There is a place in town that is a clearance outlet for Costco. I got 6000 16# brown bags for $34.00. It is the size I order for my take-out. For home use I picked up a set of KitchenAid utensils- spoons, ice cream scoop, garlic press, wire whip, peeler and a pizza cutter that weighs enough to take a toe off if you dropped it-$20.00. The reason it was culled was because the spatula was cracked. A case of computer paper was $4.00. I picked up 14 red wine glasses-pretty decent ones for $12.00. The best find had to be the commercial Circulon cookware-14 pieces for $75.00. You never know from week to week what will show up. Its' like the best garage sale you have ever been to- everything is new. We have a TJMaxx and I saw an All Clad 2 qt sauce pan in there but I did'nt buy it. It had a dent in the bottom of it and I think they still wanted $25.00 for it. I bought a 1 qt nonstick lined stainless steel batter bowl for $5.00 that I'm pretty happy with.


----------



## risa (May 11, 2001)

Another place to hunt for nice cookware at discount prices is Tuesday Morning. I have several Cuisinart copper pots (copper outside, aluminum middle, stainless inside) from there at excellent prices.


----------



## shroomgirl (Aug 11, 2000)

Goodwill, I have found saute all clad for $3...innordinate amounts of china, Riedel burgundy glasses for 75 cents.
People donate grandmas stuff or shuck gifts and I end up with a new ice cream maker for $8. Too cool. 
It was silver trays last fall, they needed exstensive elbow grease but for $6 they could not be beat.....funny thing was I was on my way to a Department store to pick some up.
Last purchase was glass name plates 12 for $2.
Tuesday Morning is like a book store to me....way to dangerous to walk into, several hundred dollars later.....though the eqyptian glass ornaments look great in my whimsy room....and the napkins and Italian platters are super on the wall of my dining room.....


----------



## catciao (Jan 23, 2002)

Wow been away for awhile and checking in on all the posts. You guys are singing my song here. I frequent all these stores in various locations to see what new items they have in stock. I almost bought my AC through TJMaxx but their inventory is seconds as indicated by the "S" stamped on the underside of the handle.

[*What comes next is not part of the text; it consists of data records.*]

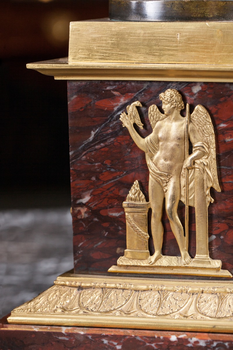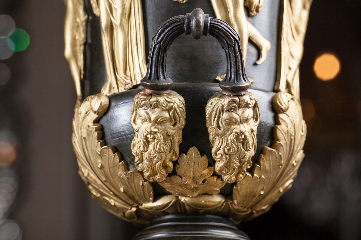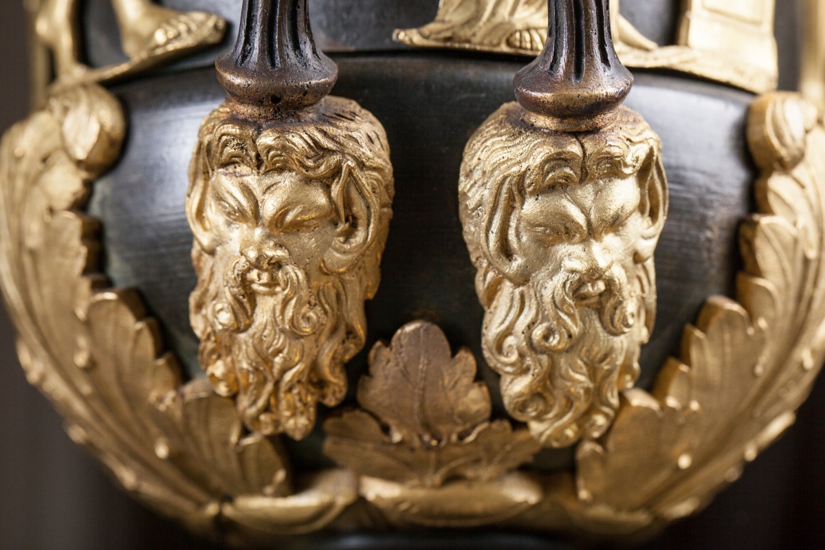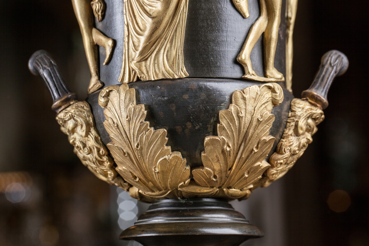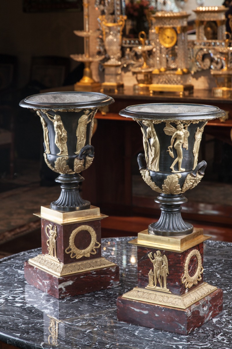 PAIRE de VASES MÉDICIS en bronze patiné ornés de nymphes, vestales, personnages du Panthéon grec, masques de silènes et acanthes en bronze doré. Socle en marbre rouge griotte et bronzes dorés.
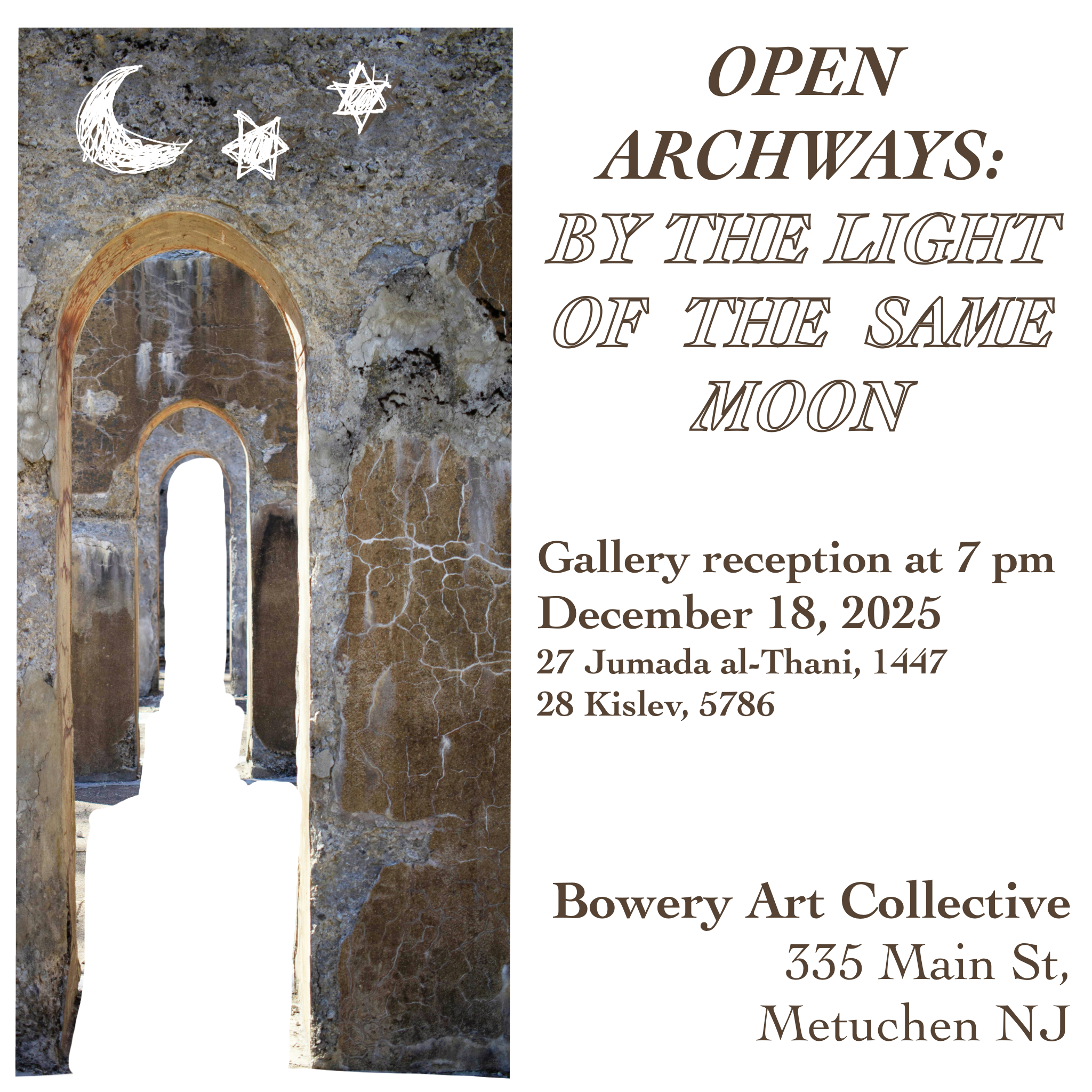 The exhibit Open Archways presents this shared cultural tapestry: the intersections between Muslim and Jewish culture that begin with the use of the moon as our clock.
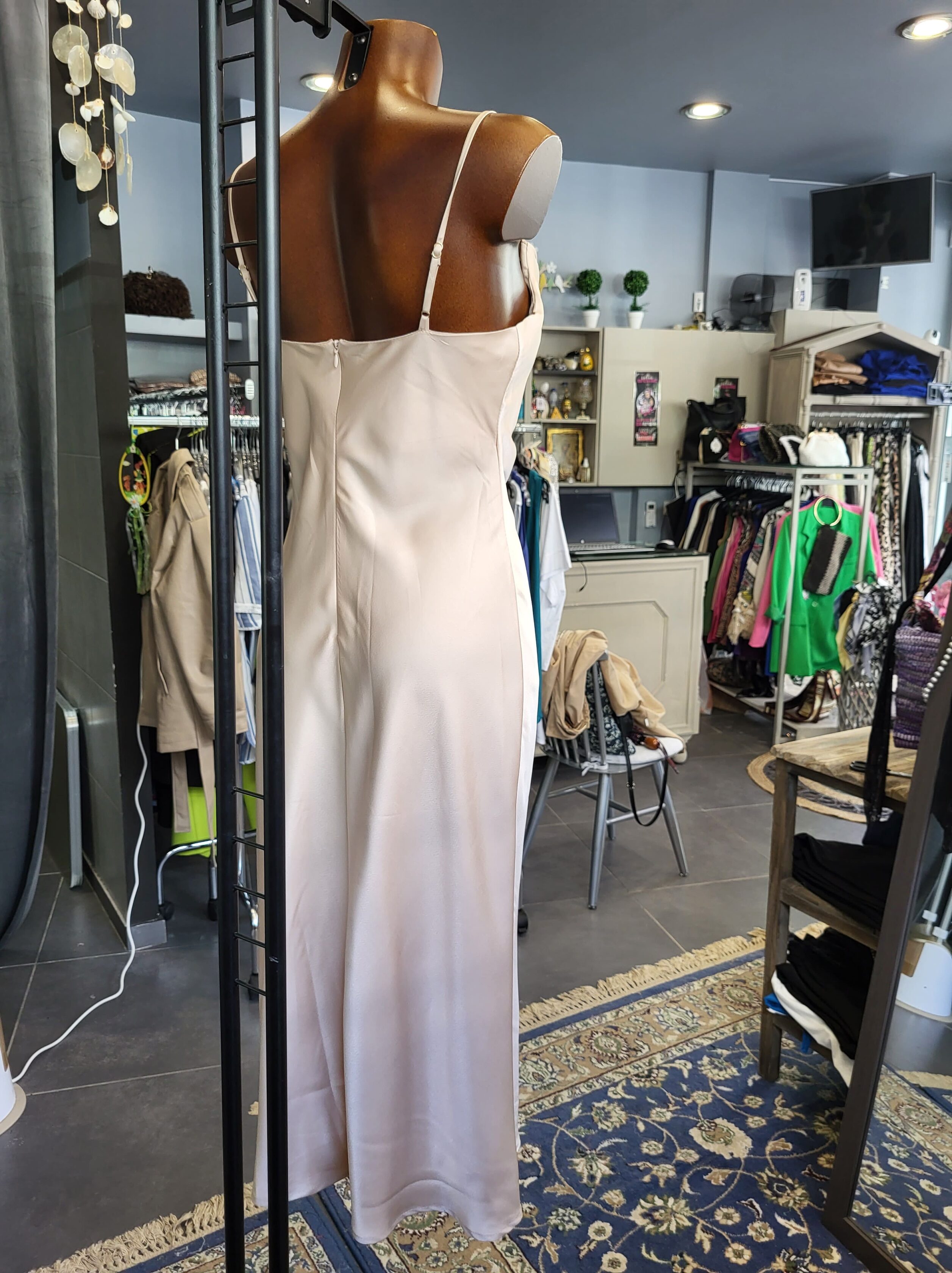 Αυτό το φόρεμα αποπνέει διαχρονική κομψότητα με την κλασική παλέτα χρωμάτων και τον κομψό σχεδιασμό του, καθιστώντας το μια ευέλικτη και σικ επιλογή για κάθε περίσταση.
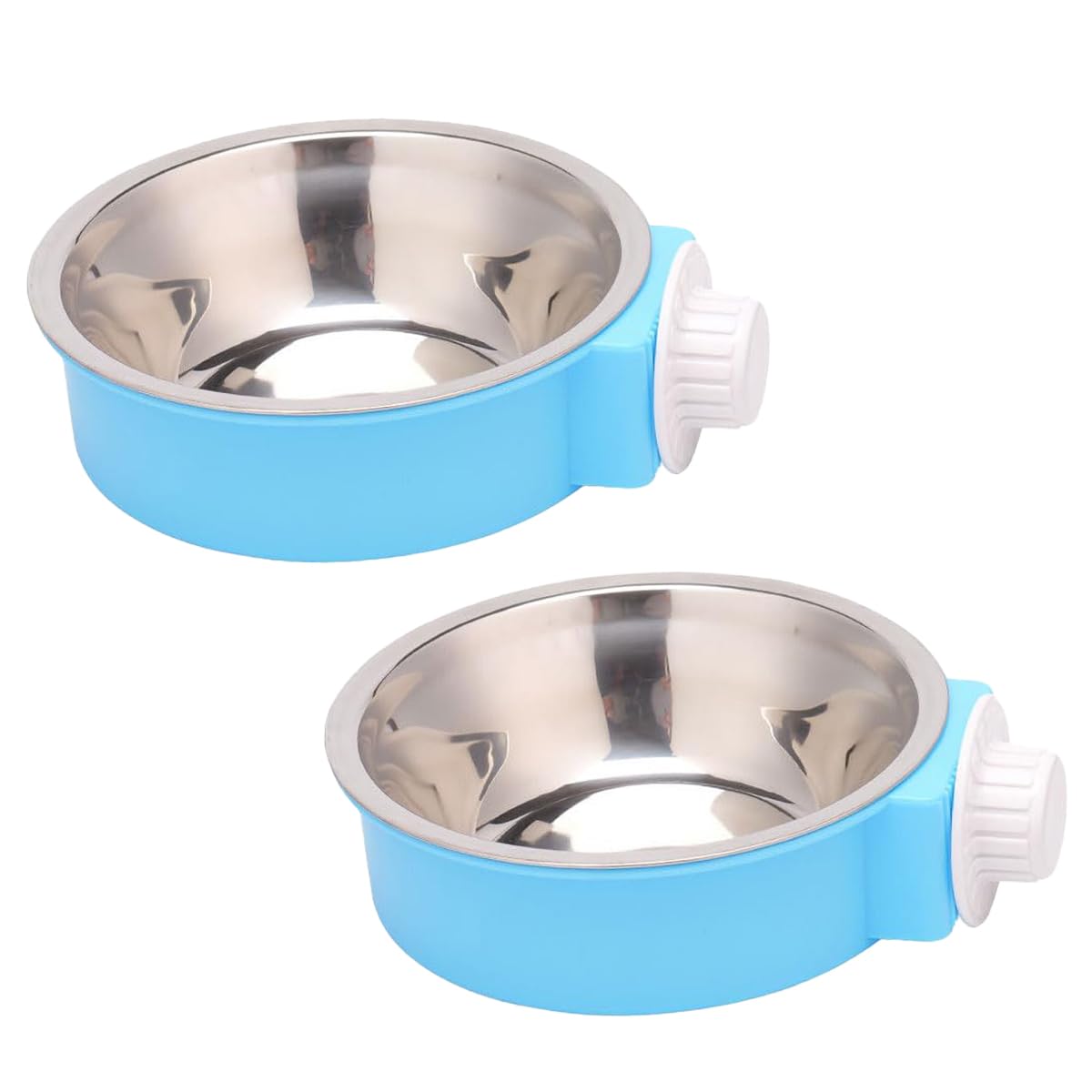 ペットぶら下げボウル ペットボウル ハンガー ゲージ用 ペット食器 餌入れ 固定 ヘルスウォーターボウル 猫 犬 うさぎ 小動物用 食器 (青色*2, S)

They have a relatively new sister store called Homegoods that has an even better selection of items but you have to buy it if you like it cuz it could be gone forever as these are not stock items. Goodwill Hunting....now there's something I haven't tried.


----------



## funkincubator (Aug 25, 2003)

TJMaxx, Ross, Marshalls are all great! Ever check out their cookbook selection? I assume they carry things that the big stores no longer carry, but a week after I bought a book at Williams Sonoma, I found the exact same book and a bunch of other ones at one of these stores.

kyle
:chef:


----------



## devildogchef2b (Aug 22, 2003)

Well this is a subject I can sink my teeth into. I have some great stories for all of you that shop Tuesday Morning, TJ Maxx, Marshalls, and wherever a good deal can be found. Myself I have bought many an item from the likes of those places. I have also gotten a deal or two at Sam's club, including my pride and joy, a beautiful set of Wustof Gran Prix chefs knives. I was working in a club in Texas and we got a pallet of them in at a baragin price compared to the Internet, and other knife retailers at $150. Cooking.com had them at 250 for a similar set with one knife difference. I eventually got that set for half of the 150 we got them in at. I've also bought an All Clad Stainless steel 8" Skillet for $20 from Bed Bath & Beyond as a promotional item. The guy who worked the area said the cookware manufacturers do that from time to time so people can try a peice out, and see if it is to their liking, and then they can come back for more later if so. I've also picked up a Calphalon peice at Tj Maxx for $25 and was the same pan as the All Clad. There are some super great deals out there if you look for them, and know what you're buying, and from the looks of the posts here we have some skilled shoppers in our midst. Tuesday is a good place to find good crystal, china, cookware, bakeware, and some choice small appliances from time to time. I bought a Williams-Sonoma cookbook there for a fraction of the original price. Without getting any more windy here, I will go, but am glad to find some others of my kind here. 

Jeff


----------